Староста вздрогнул и бросил на собеседницу испуганный взгляд:

– Да за что ж…

– За то, что поперек воли Цитадели идете. За то, что с нас берете кровью, жизнью, а сами за то готовы лишь деньгами платить. Не все в нашем мире за серебро и золото покупается, Одиней. Не все. Иной раз и самое дорогое отдавать приходится, чтобы другие жили. А ты об этом позабыл. Я лишь напомнила.

Тут-то и всплыли в памяти почепского старосты давешние слова колдуньи.

– Не губи, – опустился на колени мужчина. – Забирай девку. Вовек препоны чинить не стану. За труд твой заплатим щедро.

– А мне не надо щедро, – равнодушно сказала колдунья. – Мне надо столько, сколько положено.

Староста испуганно заерзал, а Бьерга продолжила:

– Гляди-ка, Одиней, нынче ты не думаешь, что мое бабье дело – детей рожать, щи варить да мужа почитать. Небось рад меня между собой и смертью поставить, а? Никак поменялась правда твоя?

– Правда моя никогда не изменится, – упрямо ответил староста.

– Так и креффы людей в закуп не берут. – Бьерга выбила трубку о камень. – Поди, соотчичи навострили тебя ко мне на поклон идти и девкой своей задобрить? От рода, наверное, дозволили ее отринуть?

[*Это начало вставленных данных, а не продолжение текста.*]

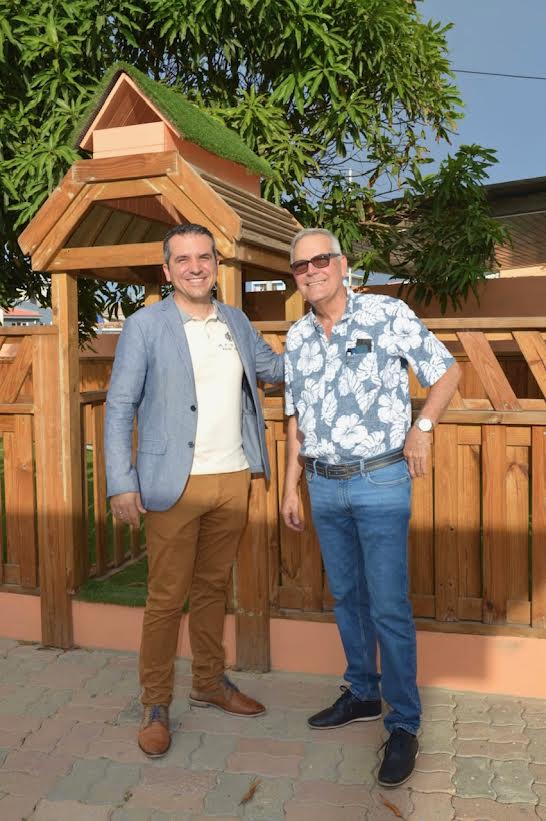 ORANJESTAD (AAN): Famianan y amigonan di e bario di Piedra Plat cu ta biba pafo di Aruba a uni pa pone placa hunto pa cumpra un schommel y glijbaan di bon calidad pa e muchanan di bario di Piedra Plat y bisindario, Oansa y CEC Basisschool por hunga na un manera sano y safe.
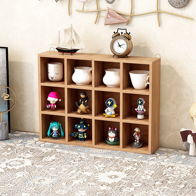 原木色壁挂墙面木质十二宫格桌面博古架摆件盲盒收纳置物架zakka

Мужчина опустил глаза и кивнул.

Наузница разозлилась:

– Майрико я забираю. Круг замкну, но на тебя налагаю виру. Коли дочь твоя выучится – не получишь послабления. То наказанье мое. И будущей весной чтоб всех девок без разговоров креффам показали. Хоть одну утаите – обережники к вам больше ни ногой. Я все сказала. Чтоб через пол-оборота девка твоя была готова ехать. Да оставшихся детей мне вдоль улицы выстави, погляжу, может, еще кого найду.

…Увы, более Осененных в веси не сыскалось. Поэтому, подновив обережную черту, Бьерга со своей подопечной уехала еще до того, как солнце вошло в зенит. Ехали молча. Девчонка, лица которой колдунья так и не видела до сих пор, сидела на лошади, прямая, словно аршин проглотившая. И от того, как скупо она двигается, как стискивают тонкие руки узду, белея в костяшках, крефф поняла: почепинка из дому уехала с отцовым «подарком». Видать, выдрал дочь напоследок. Отвел душу.

Лишь остановившись на отдых, Бьерга заметила, что глаза у девушки помутнели от боли. Но все-таки она молчала. Не жаловалась. Не плакала. Не просила помощи. Ведь помрет, а не взмолится! Проклятое семя! Обережница не стала нежничать, развернула к себе впавшую в болезненное оцепенение спутницу, уложила животом на войлок, заголила спину и ахнула. Ну, Одиней, пес смердящий, оставил девке памятку о доме родном!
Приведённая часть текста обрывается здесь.